Data records –
......

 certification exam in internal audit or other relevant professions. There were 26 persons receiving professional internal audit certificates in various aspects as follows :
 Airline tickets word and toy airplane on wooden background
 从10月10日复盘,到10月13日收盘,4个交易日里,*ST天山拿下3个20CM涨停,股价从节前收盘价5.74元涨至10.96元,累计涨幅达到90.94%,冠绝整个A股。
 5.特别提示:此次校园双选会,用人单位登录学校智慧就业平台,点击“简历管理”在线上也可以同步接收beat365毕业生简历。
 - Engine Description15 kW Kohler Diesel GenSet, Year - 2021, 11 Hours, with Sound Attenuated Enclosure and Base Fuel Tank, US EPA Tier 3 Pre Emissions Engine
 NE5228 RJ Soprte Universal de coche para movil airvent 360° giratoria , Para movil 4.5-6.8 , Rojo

......

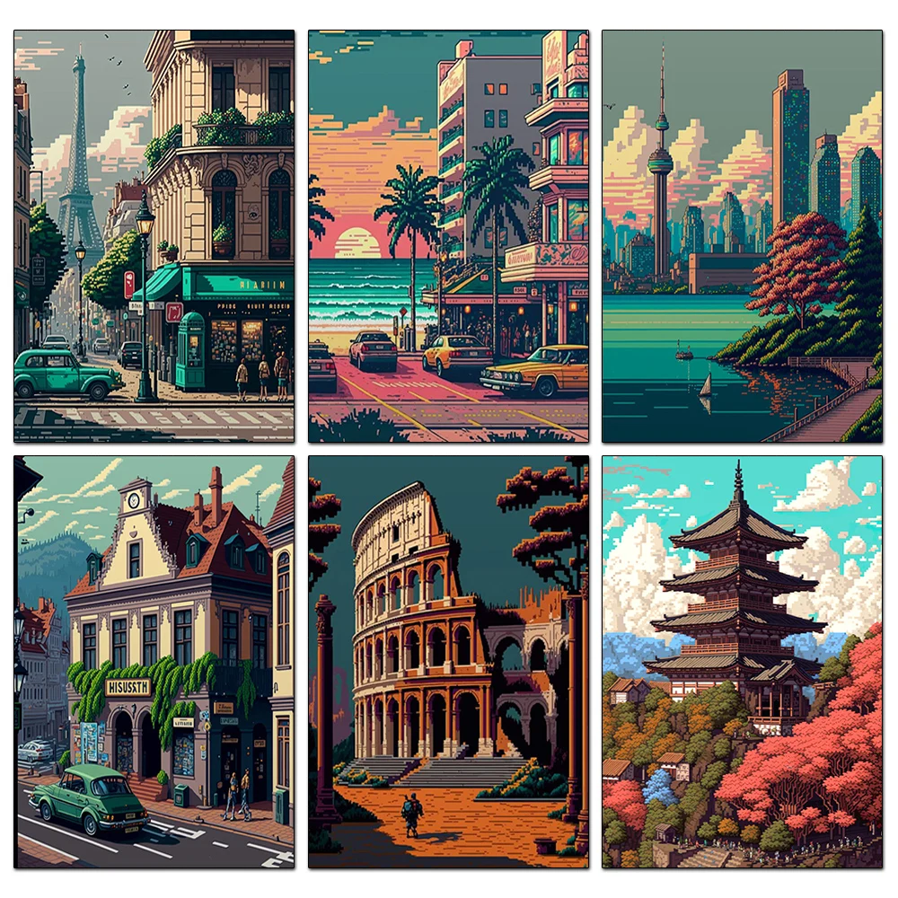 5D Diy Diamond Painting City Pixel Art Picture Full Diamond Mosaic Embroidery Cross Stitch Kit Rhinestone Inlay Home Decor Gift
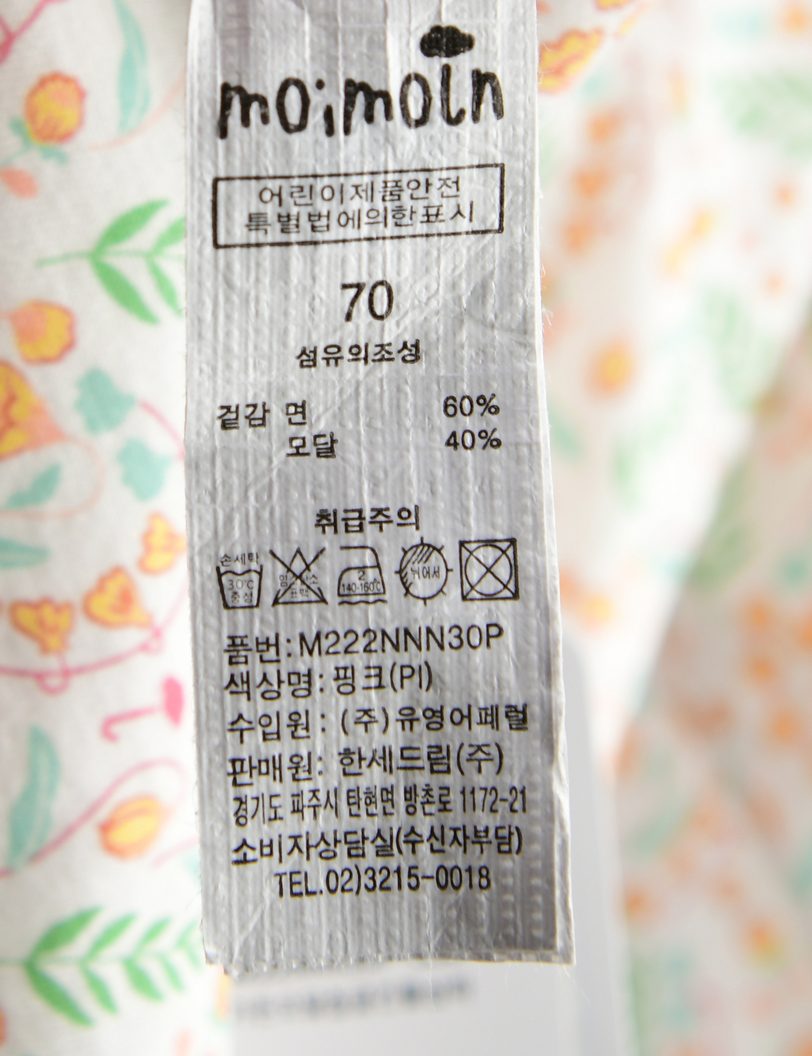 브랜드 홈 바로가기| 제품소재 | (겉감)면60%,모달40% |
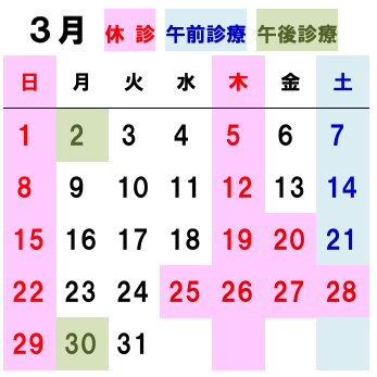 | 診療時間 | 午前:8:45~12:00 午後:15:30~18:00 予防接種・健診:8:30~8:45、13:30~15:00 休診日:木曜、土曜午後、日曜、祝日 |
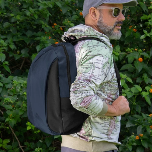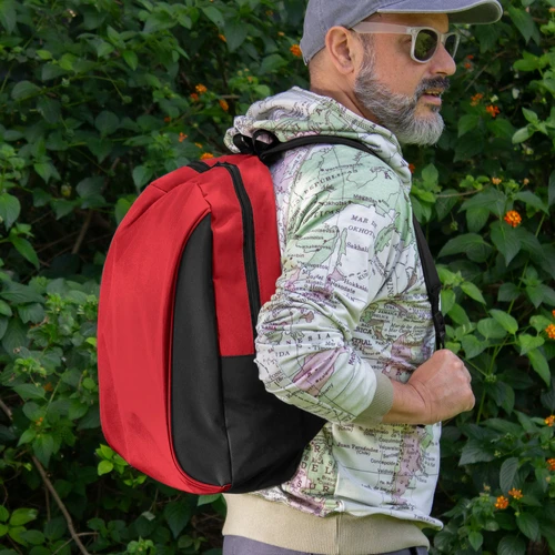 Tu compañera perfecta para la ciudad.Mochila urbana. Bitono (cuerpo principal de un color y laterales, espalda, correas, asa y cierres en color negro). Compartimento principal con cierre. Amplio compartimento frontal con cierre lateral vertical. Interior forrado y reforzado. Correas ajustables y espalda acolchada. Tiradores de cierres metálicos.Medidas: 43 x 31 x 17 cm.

......

Directions – From the material above, set down exactly the lines between the line holding "certification exam in" and the line holding "NE5228 RJ Soprte", inclusive. Include nothing else.

Solution to this problem –
 certification exam in internal audit or other relevant professions. There were 26 persons receiving professional internal audit certificates in various aspects as follows :
 Airline tickets word and toy airplane on wooden background
 从10月10日复盘,到10月13日收盘,4个交易日里,*ST天山拿下3个20CM涨停,股价从节前收盘价5.74元涨至10.96元,累计涨幅达到90.94%,冠绝整个A股。
 5.特别提示:此次校园双选会,用人单位登录学校智慧就业平台,点击“简历管理”在线上也可以同步接收beat365毕业生简历。
 - Engine Description15 kW Kohler Diesel GenSet, Year - 2021, 11 Hours, with Sound Attenuated Enclosure and Base Fuel Tank, US EPA Tier 3 Pre Emissions Engine
 NE5228 RJ Soprte Universal de coche para movil airvent 360° giratoria , Para movil 4.5-6.8 , Rojo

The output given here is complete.